### Task to carry out
For the records below, copy exactly the span that begins at the line containing "動物のカタチを借りてヒトの心" and stops after the line containing "Балкон второго этажа", minus any pictures.

### Task data
┌────────
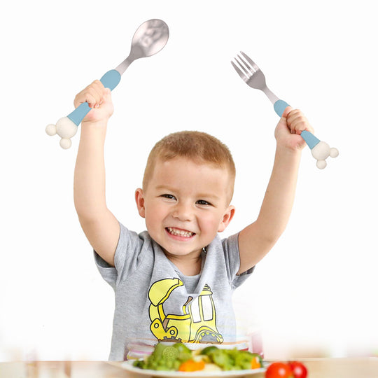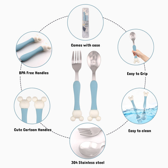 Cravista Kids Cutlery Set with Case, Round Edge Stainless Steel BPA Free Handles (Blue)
└────────
┌────────
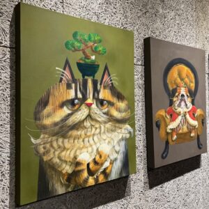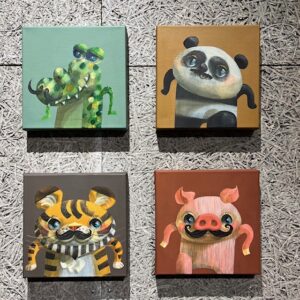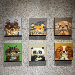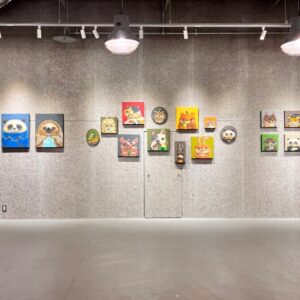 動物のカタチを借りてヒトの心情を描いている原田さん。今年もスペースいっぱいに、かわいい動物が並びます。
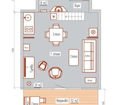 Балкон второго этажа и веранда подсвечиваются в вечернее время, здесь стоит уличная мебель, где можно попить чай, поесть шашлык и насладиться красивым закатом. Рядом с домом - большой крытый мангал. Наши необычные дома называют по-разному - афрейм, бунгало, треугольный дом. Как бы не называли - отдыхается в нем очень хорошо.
└────────
### Task output
 動物のカタチを借りてヒトの心情を描いている原田さん。今年もスペースいっぱいに、かわいい動物が並びます。
 Балкон второго этажа и веранда подсвечиваются в вечернее время, здесь стоит уличная мебель, где можно попить чай, поесть шашлык и насладиться красивым закатом. Рядом с домом - большой крытый мангал. Наши необычные дома называют по-разному - афрейм, бунгало, треугольный дом. Как бы не называли - отдыхается в нем очень хорошо.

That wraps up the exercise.